#### TASK STATEMENT
Reproduce, exactly and in full, the lines from the one with "Câu 9. Một viên" through the one with "<B>1797 H10C 15" in the data below; drop pictures.

[[ SUPPLIED RECORDS open ]]

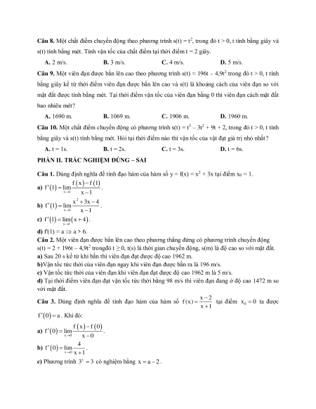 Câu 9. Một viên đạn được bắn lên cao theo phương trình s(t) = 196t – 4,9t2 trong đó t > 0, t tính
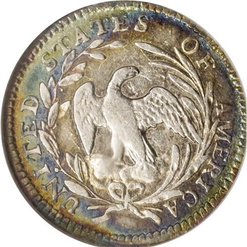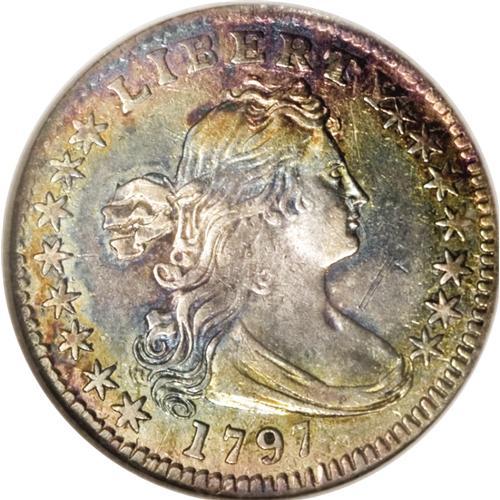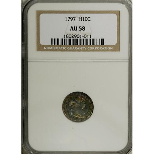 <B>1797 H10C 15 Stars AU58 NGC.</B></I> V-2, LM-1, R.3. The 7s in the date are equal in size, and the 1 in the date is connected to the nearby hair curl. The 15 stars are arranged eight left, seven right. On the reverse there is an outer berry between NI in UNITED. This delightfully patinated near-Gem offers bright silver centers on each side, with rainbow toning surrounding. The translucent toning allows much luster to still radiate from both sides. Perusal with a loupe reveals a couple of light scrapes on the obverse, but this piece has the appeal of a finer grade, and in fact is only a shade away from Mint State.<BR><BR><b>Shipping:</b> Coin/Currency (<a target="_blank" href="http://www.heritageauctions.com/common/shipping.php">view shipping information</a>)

[[ SUPPLIED RECORDS closed ]]
[[ SUPPLIED RECORDS open ]]

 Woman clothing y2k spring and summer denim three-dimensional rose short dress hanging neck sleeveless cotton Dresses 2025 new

[[ SUPPLIED RECORDS closed ]]
[[ SUPPLIED RECORDS open ]]

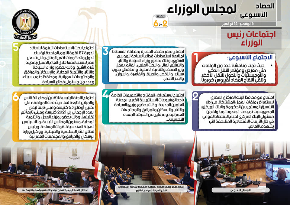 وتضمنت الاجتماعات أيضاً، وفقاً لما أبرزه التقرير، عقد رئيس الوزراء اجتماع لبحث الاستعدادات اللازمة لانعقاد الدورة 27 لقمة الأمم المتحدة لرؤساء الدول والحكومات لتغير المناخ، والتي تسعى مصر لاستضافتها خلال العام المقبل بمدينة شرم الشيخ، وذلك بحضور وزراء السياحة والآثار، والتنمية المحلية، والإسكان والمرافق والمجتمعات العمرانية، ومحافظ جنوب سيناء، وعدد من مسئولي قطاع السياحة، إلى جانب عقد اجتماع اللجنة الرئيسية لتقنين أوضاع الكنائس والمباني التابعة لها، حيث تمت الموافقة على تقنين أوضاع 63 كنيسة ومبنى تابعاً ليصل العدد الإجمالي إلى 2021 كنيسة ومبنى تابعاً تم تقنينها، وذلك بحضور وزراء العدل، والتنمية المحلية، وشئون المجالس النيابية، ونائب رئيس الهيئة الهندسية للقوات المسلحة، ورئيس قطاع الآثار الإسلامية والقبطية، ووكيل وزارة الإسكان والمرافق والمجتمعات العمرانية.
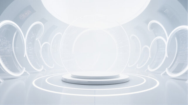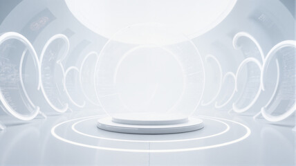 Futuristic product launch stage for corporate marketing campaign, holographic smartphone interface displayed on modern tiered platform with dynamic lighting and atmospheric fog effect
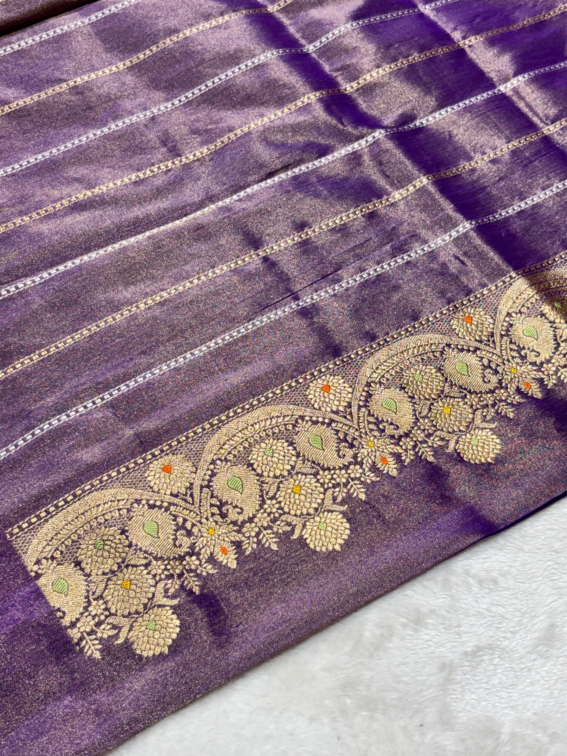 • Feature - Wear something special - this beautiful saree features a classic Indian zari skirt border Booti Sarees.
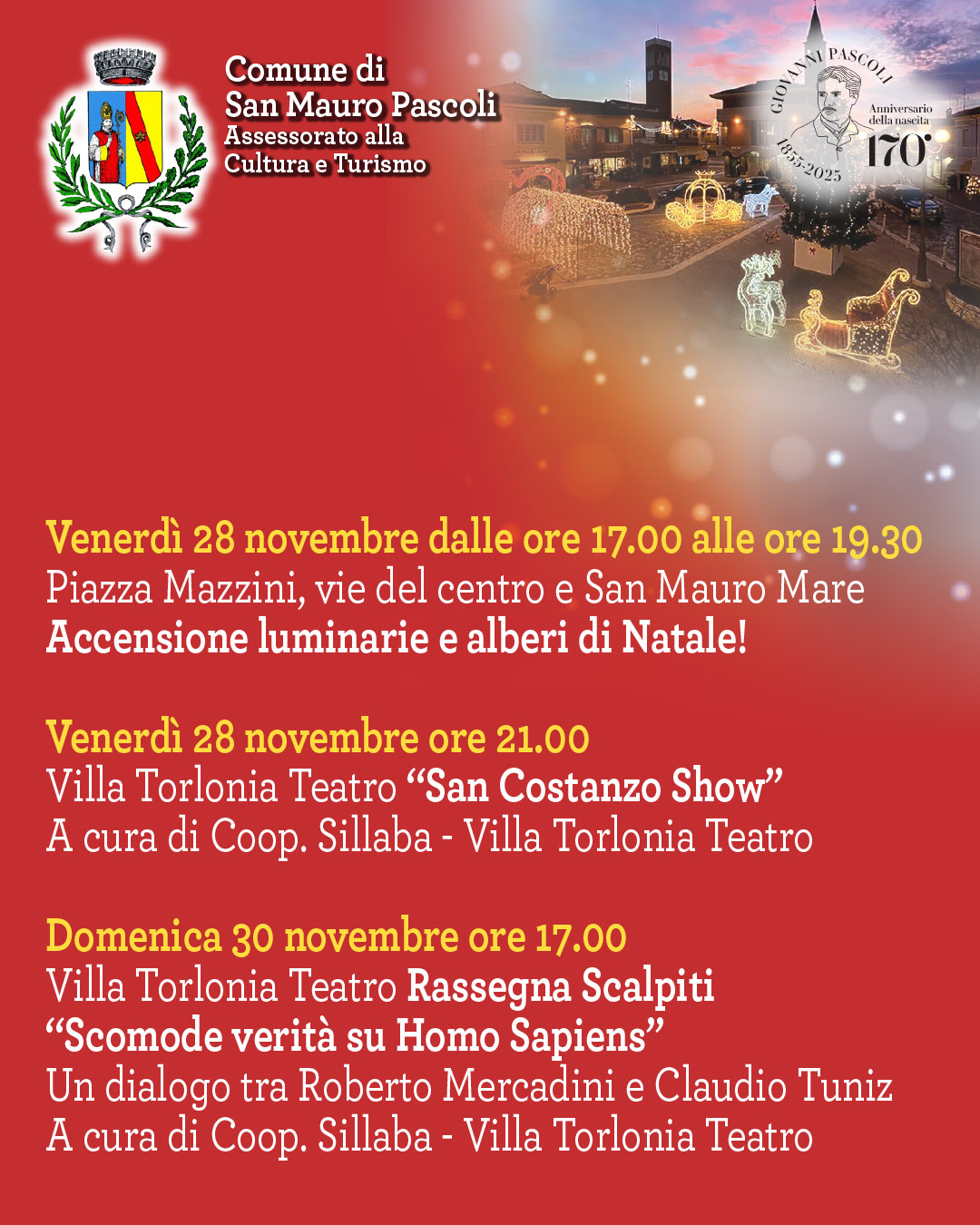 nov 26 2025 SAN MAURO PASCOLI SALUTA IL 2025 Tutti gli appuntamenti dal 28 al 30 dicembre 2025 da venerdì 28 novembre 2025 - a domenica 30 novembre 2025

[[ SUPPLIED RECORDS closed ]]

#### ANSWER TO THE PROBLEM
 Câu 9. Một viên đạn được bắn lên cao theo phương trình s(t) = 196t – 4,9t2 trong đó t > 0, t tính
 <B>1797 H10C 15 Stars AU58 NGC.</B></I> V-2, LM-1, R.3. The 7s in the date are equal in size, and the 1 in the date is connected to the nearby hair curl. The 15 stars are arranged eight left, seven right. On the reverse there is an outer berry between NI in UNITED. This delightfully patinated near-Gem offers bright silver centers on each side, with rainbow toning surrounding. The translucent toning allows much luster to still radiate from both sides. Perusal with a loupe reveals a couple of light scrapes on the obverse, but this piece has the appeal of a finer grade, and in fact is only a shade away from Mint State.<BR><BR><b>Shipping:</b> Coin/Currency (<a target="_blank" href="http://www.heritageauctions.com/common/shipping.php">view shipping information</a>)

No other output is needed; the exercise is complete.